Can Cold Therapy to Reverse Aging
Whenever you get exposed to temperatures that aren’t “thermoneutral”, your body kicks into gear to try and find a stable equilibrium — homeostasis — with the new environment. For example, when you get too cold your body starts labouring to try and stay warm, and vice versa.
Your breathing patterns change, and so does the blood flow to the skin. Heart rates fluctuate. Your body thinks “I’m in danger” and the longevity genes kick in, as a result, repairing faulty DNA breaks that, if left unattended, could go on to in later life to lead to cancers and other ailments.
Cold therapy also stimulates what is known as the “brown fat” in our bodies, a type of fat that decreases as we age. Brown fat is thought to be mitochondria rich and has been associated with reduced rates of diabetes, obesity, and Alzheimer’s disease. Studies of cold therapy in mice has revealed they live up to 20 per cent longer — the equivalent of about seven healthy additional years in humans.
To activate your longevity genes with cold therapy, try sleeping with the window open, or going for a brisk walk in just a tee-shirt on a winter’s day. Don’t overdo it. Hypothermia is not good. Subjecting your body to extremely cold temperatures is not good. You just need to feel that uncomfortableness for a short while.
A 20-year study of over 2,300 middle-aged men from eastern Finland revealed that those who used a sauna frequently, up to seven days a week, enjoyed a twofold drop in:
- heart disease
- fatal heart attacks
- and all-cause mortality events over sauna users who only went once a week.
Again, it does us good to spend time out of the thermoneutral zone — our genes didn’t evolve for pampered comfort. Quite the opposite.
Run for your life
Sirtuins are modulated in the right direction by exercise, which should surprise no one. Exercise helps to build new blood vessels, improve heart and lung health; to make the exerciser stronger. It also extends telomeres (and shortened telomeres are one of the contributing factors to ageing).
Running just four to five miles a week can reduce the chance of death from a heart attack by up to 40 per cent, and all-cause mortality by 45 per cent.
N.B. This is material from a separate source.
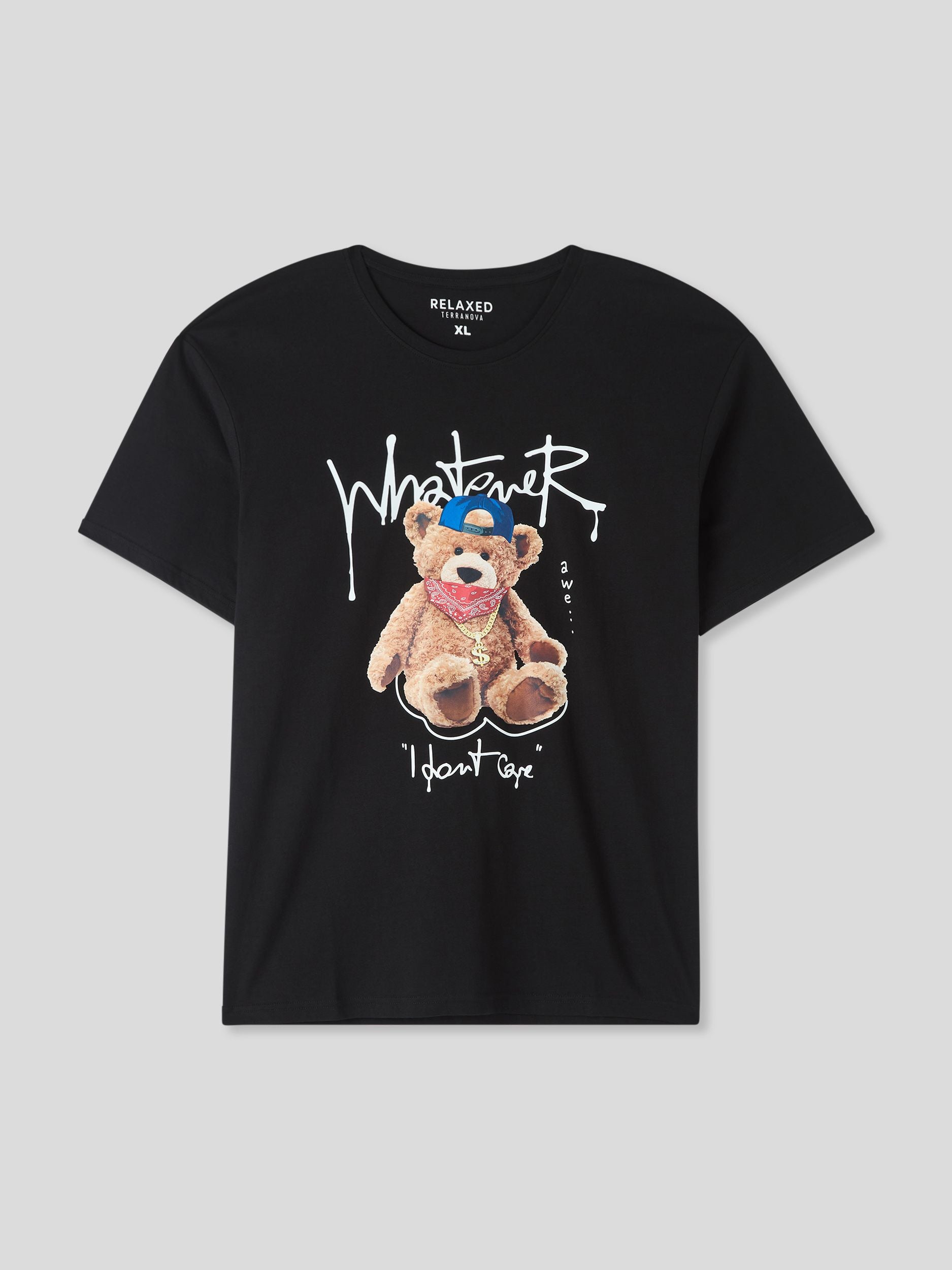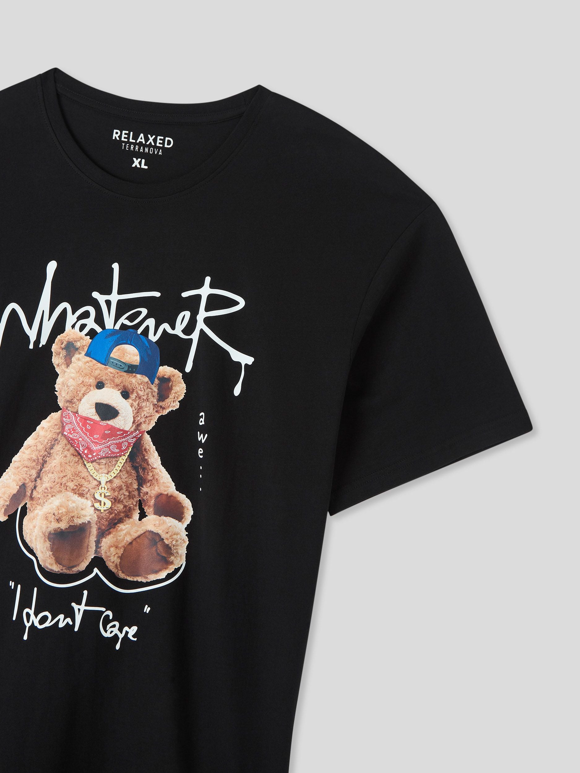 Maglietta da uomo con una simpatica stampa di un orsetto e scritte divertenti sul davanti, perfetta per un look casual e spiritoso. Il modello è a girocollo con maniche corte, offrendo una vestibilità regular. Ideale per chi desidera un tocco giocoso e originale nel proprio outfit quotidiano.

Just 10 minutes of exercise a day is thought to add years to a person’s life.
Maybe You Should HIIT It to Reverse Aging
In order to truly engage the “repair” function of your survival circuit, though, and activate longevity genes, is high-intensity interval training (HIIT).
The sort that significantly raises your heart and respiration rates and that engages the greatest number of health-promoting genes. You’ll know you are doing vigorous activity when it feels challenging. Your breathing should be rapid; you should sweat and be unable to say more than a few words without pausing for breath.
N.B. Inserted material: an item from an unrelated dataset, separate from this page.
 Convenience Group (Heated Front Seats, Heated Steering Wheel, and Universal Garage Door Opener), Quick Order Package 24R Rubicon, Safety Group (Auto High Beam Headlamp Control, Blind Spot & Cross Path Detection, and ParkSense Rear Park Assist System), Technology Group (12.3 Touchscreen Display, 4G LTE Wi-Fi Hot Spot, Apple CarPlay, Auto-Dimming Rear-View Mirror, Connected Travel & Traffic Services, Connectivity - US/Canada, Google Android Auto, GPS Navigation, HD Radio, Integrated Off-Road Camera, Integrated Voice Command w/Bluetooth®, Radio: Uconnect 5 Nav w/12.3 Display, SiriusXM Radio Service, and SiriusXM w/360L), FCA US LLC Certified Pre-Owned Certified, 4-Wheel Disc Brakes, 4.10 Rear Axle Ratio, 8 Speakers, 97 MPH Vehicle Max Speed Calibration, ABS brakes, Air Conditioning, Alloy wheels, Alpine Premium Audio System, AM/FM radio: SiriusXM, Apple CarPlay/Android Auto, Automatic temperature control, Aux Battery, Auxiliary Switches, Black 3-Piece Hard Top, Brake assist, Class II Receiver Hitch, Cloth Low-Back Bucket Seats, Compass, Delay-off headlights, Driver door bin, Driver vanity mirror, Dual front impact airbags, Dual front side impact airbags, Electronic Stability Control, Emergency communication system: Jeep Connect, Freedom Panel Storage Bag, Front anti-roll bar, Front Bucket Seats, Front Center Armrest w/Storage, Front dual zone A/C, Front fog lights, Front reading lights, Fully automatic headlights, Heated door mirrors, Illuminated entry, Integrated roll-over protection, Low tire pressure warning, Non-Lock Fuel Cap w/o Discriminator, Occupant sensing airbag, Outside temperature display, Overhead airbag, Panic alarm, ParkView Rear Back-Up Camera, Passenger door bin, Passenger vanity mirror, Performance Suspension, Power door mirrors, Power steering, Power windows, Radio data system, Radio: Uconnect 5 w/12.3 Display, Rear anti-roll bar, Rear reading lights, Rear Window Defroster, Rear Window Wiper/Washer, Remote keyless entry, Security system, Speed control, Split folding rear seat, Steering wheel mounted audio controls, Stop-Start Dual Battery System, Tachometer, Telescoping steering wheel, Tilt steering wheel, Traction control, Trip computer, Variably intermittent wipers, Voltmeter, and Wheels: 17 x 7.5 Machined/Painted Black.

This is the hypoxic response, great for inducing just enough stress to activate your body’s defences against ageing without doing permanent harm.
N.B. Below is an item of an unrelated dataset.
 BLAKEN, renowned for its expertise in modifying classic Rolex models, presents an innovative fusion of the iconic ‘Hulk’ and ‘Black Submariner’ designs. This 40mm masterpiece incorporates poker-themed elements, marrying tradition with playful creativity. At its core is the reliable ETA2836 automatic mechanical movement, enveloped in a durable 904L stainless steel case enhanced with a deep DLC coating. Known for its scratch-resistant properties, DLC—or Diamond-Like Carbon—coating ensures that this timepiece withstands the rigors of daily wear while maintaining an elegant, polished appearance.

No matter how many times we engage the “repair” mode of our ancient survival circuits, it is impossible to repair all broken DNA. And anyway, DNA damage is essential to the function of our immune system and even in the formation of memories. But we do want to prevent unnecessary damage: you probably already have a good idea of what I’m talking about.
Cigarettes, the consumption of food and water with plastics containing PCBs, pesticides, excess meat intake, and too much sun and UV exposure. All of these will serve to overwork your sirtuins and over-stimulate your survival circuit. They are too stressful, not mildly stressful. In the end, you will age much faster. And will probably not live all that long.